To supporters of Morgan State, that's exactly what should happen because they think the state tried to do an end run around its desegregation commitments by approving the competing program at a non-black college. But to others, such a move would put the interests of a historically black college above the interests of the state's students and amount to political interference in education decision making.
While the issue has come to a head in Maryland, it is hardly unique to the state. In many other states, historically black and predominantly white institutions are located near one another -- and many believe that choices over which institutions control which programs could have a huge impact on the vitality of the institutions involved.
If the Towson-Baltimore M.B.A. program is allowed to remain, "it would violate the letter and spirit of desegregation," said Lezli Baskerville, president of the National Association for Equal Opportunity in Higher Education, the national group of historically black colleges. "It would make a mockery of the state's pledges."
But Robert L. Caret, president of Towson, said that the Maryland Senate's action is making a mockery of the way decisions need to be made in higher education. "These public policy issues need to largely be driven by the needs of the public, not the needs of the institution," he said.
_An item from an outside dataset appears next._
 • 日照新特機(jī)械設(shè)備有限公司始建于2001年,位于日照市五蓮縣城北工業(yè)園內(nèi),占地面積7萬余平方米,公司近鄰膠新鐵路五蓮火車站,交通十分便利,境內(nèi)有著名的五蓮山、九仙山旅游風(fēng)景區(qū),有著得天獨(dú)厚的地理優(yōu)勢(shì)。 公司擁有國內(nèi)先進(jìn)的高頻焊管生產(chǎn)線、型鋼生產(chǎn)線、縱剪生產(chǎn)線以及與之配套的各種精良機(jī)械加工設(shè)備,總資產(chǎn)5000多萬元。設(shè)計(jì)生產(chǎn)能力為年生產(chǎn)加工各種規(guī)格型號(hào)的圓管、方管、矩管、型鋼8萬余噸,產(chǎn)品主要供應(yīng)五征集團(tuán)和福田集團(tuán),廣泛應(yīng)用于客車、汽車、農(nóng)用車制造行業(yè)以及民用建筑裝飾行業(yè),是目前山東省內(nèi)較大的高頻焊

If the bill becomes law, "we'll end up spending four years in court fighting each other while the public waits for a newM.B.A. program."
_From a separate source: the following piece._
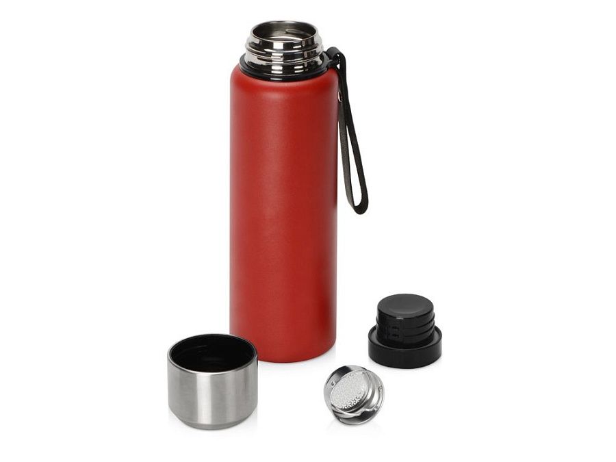 Вакуумный термос c двойными стенками из «пищевой» нержавеющей стали 304 марки для небольших путешествий и отдыха на природе. Надежно удерживает тепло и холод в течение 24 часов. Крышку можно использовать в качестве чашки. В комплекте имеется съемное ситечко из нержавеющей стали. Имеется прочный и удобный ремешок для переноски. Корпус покрыт специальной порошковой краской для надежного хвата и защиты от царапин. Объем 800 мл.

The reason such lofty principles are cited with regard to an M.B.A. program relates in large part to the guidelines set in 1992 by the U.S. Supreme Court for desegregating public higher education systems. In the Fordice case (named for the then-governor of Mississippi), the court ruled that states needed to do more to desegregate than simply end admissions policies that barred black students from predominantly white colleges. The justices ruled that states needed to end duplicative programs at nearby predominantly white and historically black colleges.
The focus on duplicative programs is based on several ideas. One is that the programs are a manifestation of the "separate but equal" idea in which by having two similar programs, states may be encouraging white students to attend one institution and black students to attend another. But another key idea is that "separate but equal" is rarely equal, and favors the white institutions, so only when prestigious, growing programs are placed at black colleges will those institutions get a fair share of students of all races and the state funds that follow.
In practice, this has meant that state and federal agencies that oversee desegregation efforts in states that once had de jure segregation (Maryland among them) focus considerable time and attention on issues of program duplication. The Maryland Higher Education Commission had rejected 10 proposed new programs at predominantly white institutions -- most of the rejections at the behest of Morgan State and other black colleges -- before the approval of the Towson-Baltimore M.B.A. And that approval only came after Towson tried to set up a joint M.B.A. with Morgan, but was rebuffed.
The commission has a new leader -- James E. Lyons Sr., the secretary of higher education -- who started in his position on Wednesday without having been involved in the decision to approve the Towson-Baltimore M.B.A., but with plenty of experience dealing with desegregation. Lyons has been president of two public historically black colleges: Maryland's Bowie State University and Mississippi's Jackson State University. He knows all about the program duplication issue. In Mississippi, he said that he and others were worried about proposals to put duplicative programs 30 miles away from Jackson State, because there were plenty of white students "who would drive 30 miles" rather than enroll at a black college.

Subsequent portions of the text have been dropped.